Dive Brief:
- It may not be much of a surprise to most observers in the HR industry, but a recent survey from Glassdoor found that highly paid CEOs at large, publicly traded companies in the U.S. have a much lower approval rating from employees than CEOs who are not as highly paid.
- The Glassdoor statistical analysis, What Makes a Great CEO?, also uncovered that founder chief executives, when compared to outsider and internally promoted CEOs, enjoy higher approval ratings. And in an odd twist, low employee ratings around an employer's work-life balance scenario tend to correlate to higher CEO approval ratings.

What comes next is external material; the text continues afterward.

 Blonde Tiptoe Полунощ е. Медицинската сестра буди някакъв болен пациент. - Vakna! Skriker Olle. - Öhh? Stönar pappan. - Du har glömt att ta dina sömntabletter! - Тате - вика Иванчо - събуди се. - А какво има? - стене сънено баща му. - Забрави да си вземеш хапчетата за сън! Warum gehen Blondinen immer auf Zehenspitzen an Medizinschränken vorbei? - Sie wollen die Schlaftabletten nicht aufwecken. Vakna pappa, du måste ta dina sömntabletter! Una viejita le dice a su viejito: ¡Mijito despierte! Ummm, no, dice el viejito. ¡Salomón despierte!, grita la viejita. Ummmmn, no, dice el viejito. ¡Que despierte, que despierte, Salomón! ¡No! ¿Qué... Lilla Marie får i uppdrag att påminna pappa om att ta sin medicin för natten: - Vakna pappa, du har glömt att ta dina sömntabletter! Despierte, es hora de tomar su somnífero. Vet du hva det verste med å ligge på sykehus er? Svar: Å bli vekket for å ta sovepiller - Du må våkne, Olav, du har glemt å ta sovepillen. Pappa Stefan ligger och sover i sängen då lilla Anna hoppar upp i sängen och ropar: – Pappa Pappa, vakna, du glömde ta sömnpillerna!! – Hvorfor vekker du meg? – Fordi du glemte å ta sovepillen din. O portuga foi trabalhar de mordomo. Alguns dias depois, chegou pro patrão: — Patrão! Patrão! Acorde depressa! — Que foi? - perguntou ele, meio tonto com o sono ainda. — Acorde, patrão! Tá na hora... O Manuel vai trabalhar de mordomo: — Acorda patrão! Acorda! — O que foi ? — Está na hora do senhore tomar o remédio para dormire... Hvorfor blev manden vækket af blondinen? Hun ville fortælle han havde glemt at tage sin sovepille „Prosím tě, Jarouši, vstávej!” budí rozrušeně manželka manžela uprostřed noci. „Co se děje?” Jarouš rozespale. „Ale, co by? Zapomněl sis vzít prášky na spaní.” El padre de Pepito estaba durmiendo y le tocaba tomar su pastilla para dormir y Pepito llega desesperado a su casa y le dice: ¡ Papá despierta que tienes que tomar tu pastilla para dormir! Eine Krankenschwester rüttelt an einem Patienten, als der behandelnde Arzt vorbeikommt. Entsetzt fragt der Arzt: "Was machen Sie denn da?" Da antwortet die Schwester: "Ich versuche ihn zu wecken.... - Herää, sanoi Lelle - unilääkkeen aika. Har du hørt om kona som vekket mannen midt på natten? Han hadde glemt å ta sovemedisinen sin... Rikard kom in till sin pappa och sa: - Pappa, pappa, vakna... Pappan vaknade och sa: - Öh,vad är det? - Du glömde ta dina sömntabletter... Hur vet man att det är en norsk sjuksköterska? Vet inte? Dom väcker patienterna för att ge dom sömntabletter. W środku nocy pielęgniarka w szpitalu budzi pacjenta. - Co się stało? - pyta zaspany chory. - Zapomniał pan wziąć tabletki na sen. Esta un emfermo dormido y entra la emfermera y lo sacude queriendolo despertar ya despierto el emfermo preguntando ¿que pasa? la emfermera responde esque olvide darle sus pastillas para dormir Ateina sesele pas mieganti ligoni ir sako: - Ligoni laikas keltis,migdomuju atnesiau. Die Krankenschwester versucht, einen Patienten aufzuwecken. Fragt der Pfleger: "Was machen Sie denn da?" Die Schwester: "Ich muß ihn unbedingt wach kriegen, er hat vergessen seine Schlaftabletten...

- Finally, the survey found that factors such as employee feelings around culture, senior leadership, career advancement, compensation and benefits do have a bit of statistical significance around higher CEO approval, but factors such as gender, age, education and job tenure make little difference to employees.
Dive Insight:
“Employee opinion of the CEO can be very telling about a company, and Glassdoor data confirms there is a direct link between how employees view their CEO and how they feel about their company culture," said Dr. Andrew Chamberlain, chief economist of Glassdoor, Inc. He added that a strong company culture combined with career advancement opportunities for employees will typically give CEOs higher approval scores.

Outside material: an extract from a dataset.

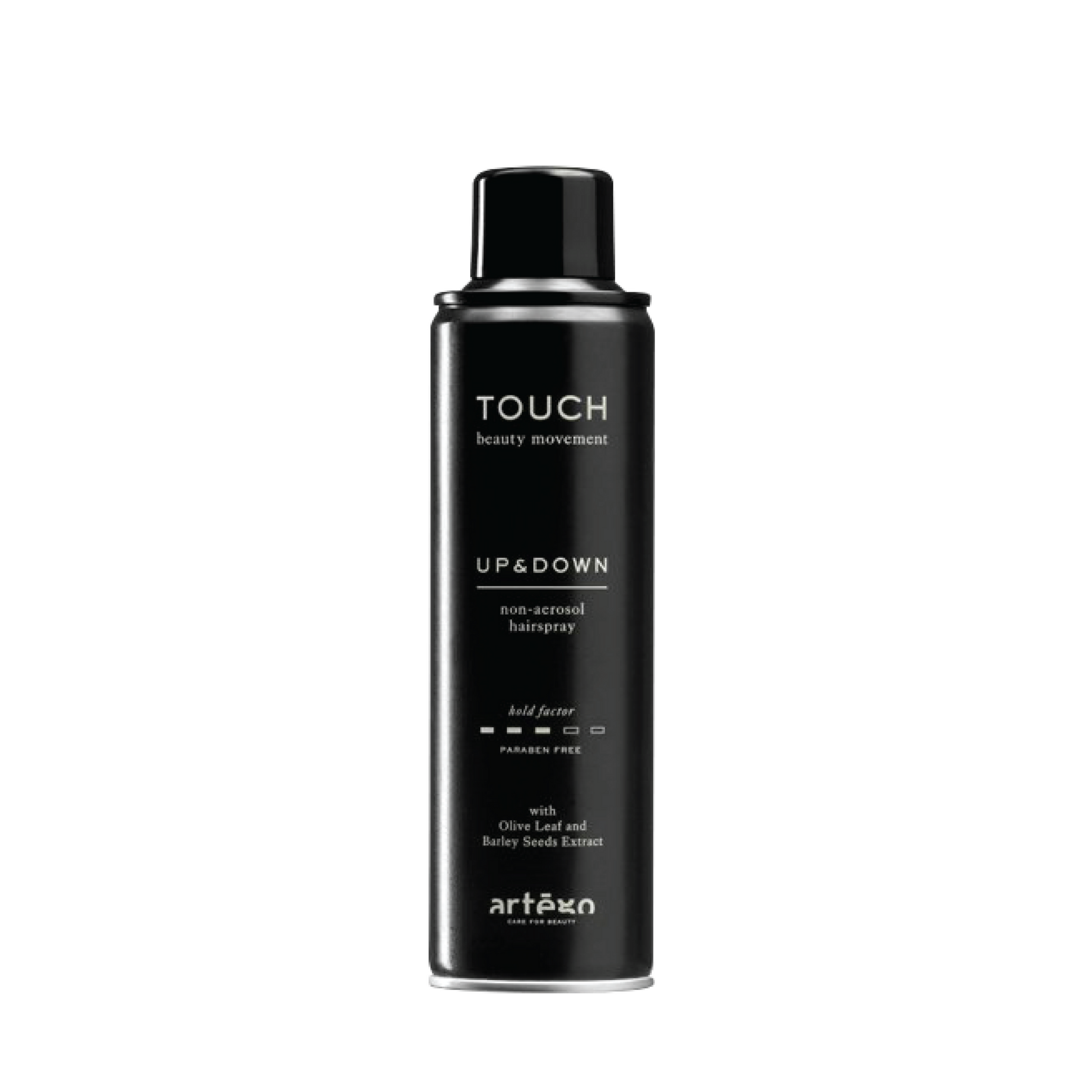 A professional spray with medium hold and humidity resistance, providing volume and shine without adding weight. It can be reshaped after application, leaves no residue even after multiple uses, and is easily removable, with a hold level of 3

Past Glassdoor research on CEO-to-worker pay ratios has shown, on average, that CEOs earn 204 times the median pay of their workers. Of course, new SEC rules taking effect in 2017 could do more than boost transparency. This new study found that all else being equal, high CEO total compensation statistically predicts lower CEO approval ratings. However, the study found that having better company culture partly counters that effect, perhaps meaning a strong company culture can offset the negative effect of high CEO pay on approval data.
On the other hand, the entires issue of whether or not CEO pay has an actual impact on employee feelings is open to debate, as an earlier piece of research from Mercer found that by and large, employees are not all that concerned about CEO pay ratios.